Vale: David Gulpilil

Pioneering Indigenous actor David Gulpilil Ridjimiraril Dalaithngu AM has died.

Pioneering Indigenous actor David Gulpilil Ridjimiraril Dalaithngu AM has died, aged 68.

Gulpilil was from the Mandhalpingu clan of the Yolŋu people and was raised in Arnhem land. In 2017 he was diagnosed with stage four lung cancer, and told he only had months to live.

Permission has been granted for his name and image to be used after his death, in accordance with his wishes.

South Australian Premier Steven Marshall said in a statement, “It is with deep sadness that I share with the people of South Australia the passing of an iconic, once-in-a-generation artist who shaped the history of Australian film and Aboriginal representation on screen – David Gulpilil Ridjimiraril Dalaithngu AM.

“An actor, dancer, singer and painter, he was also one of the greatest artists Australia has ever seen.”

Speaking about the documentary, My Name is Gulpilil he wrote: “I was lucky enough to meet David Gulpilil on a number of occasions – most recently in March this year at the Premiere of his last film My Name is Gulpilil, in which he tells his own story, directed by Molly Reynolds.

“This final film, 50 years after his breakthrough on screen, saw Gulpilil credited for the first time in his career as a producer — alongside Reynolds, filmmaker Rolf de Heer and Yolŋu filmmaker Peter Djigirr.

“He was a man who loved his land and his culture, and he was a man who took it to the world.

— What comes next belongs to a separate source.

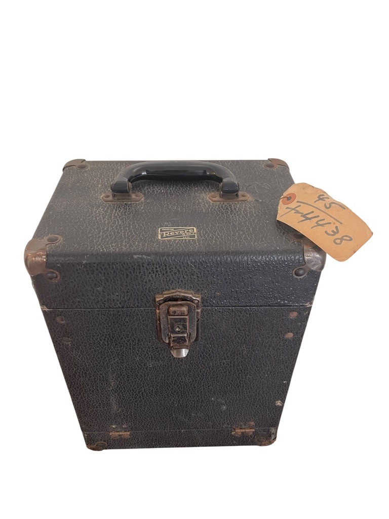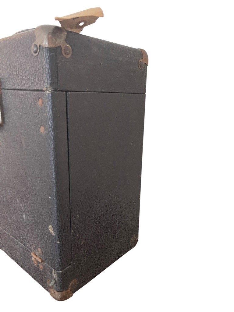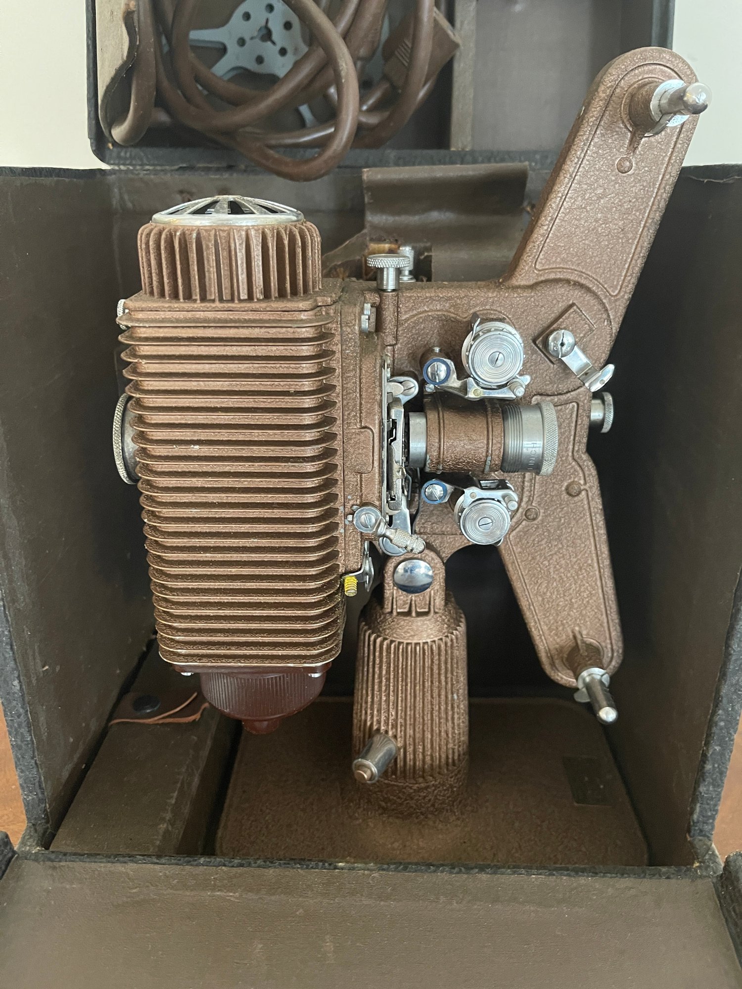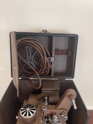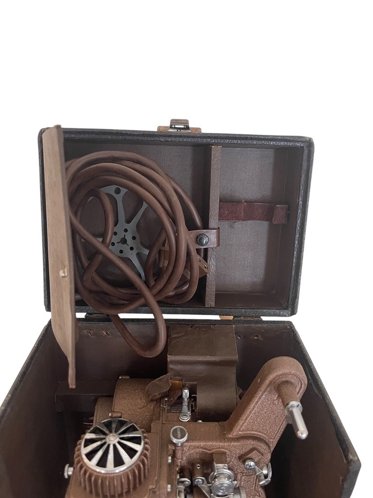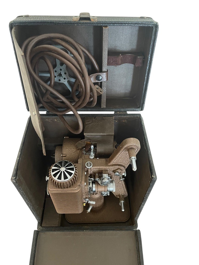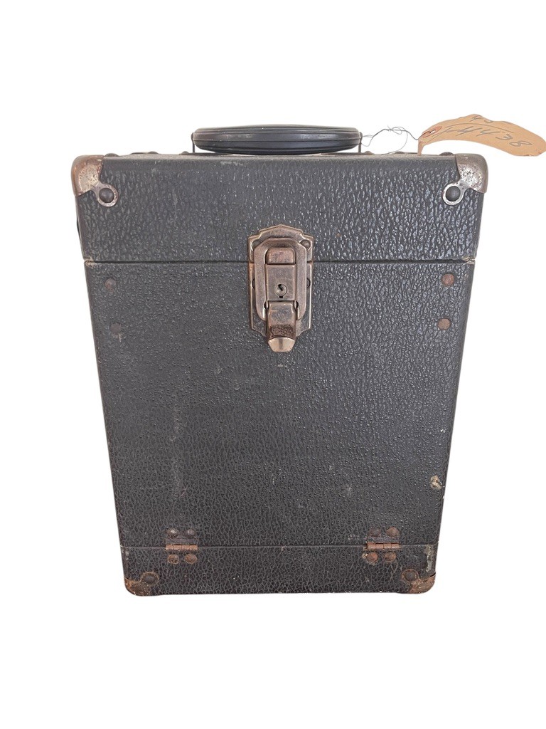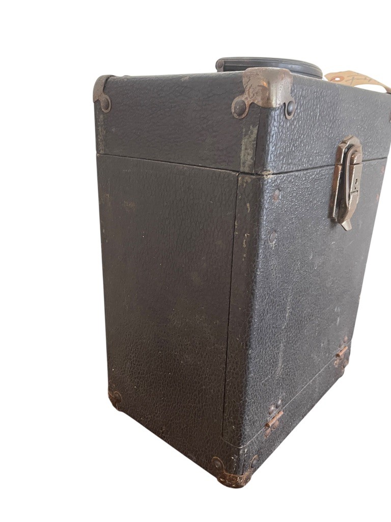 Vintage Revere 8mm movie projector, likely Model 85 designed for viewing 8mm film reels popular in the 1940's and 50's housed in a hard travel case for portability.

“My thoughts are with his family, and his dear friend and carer Mary Hood.”

Gulpilil was cast in Walkabout (pictured) in 1971, making him one of the first Aboriginal characters portrayed on the big screen.

His other film credits included Storm Boy (both 1976 / 2019), Mad Dog Morgan, The Last Wave, Crocodile Dundee, Dead Heart, The Right Stuff, Rabbit-Proof Fence, The Tracker, 10 Canoes, Australia, Goldstone, Cargo. In 1987, he was awarded the Member of the Order of Australia.

TV credits include Boney, Homicide, Rush, Skyways, Young Ramsay, The Timeless Land, Snowy River: The McGregor Saga, Beastmaster, The Leftovers and Pine Gap.

In June a new mural by artist, Ngarrindjeri man Thomas Readett was commissioned by ABCG Film and unveiled on the east wall of TANDANYA National Aboriginal Cultural Institute, on Kaurna Country, Adelaide.

His passing has also been reported internationally including through the Hollywood Reporter.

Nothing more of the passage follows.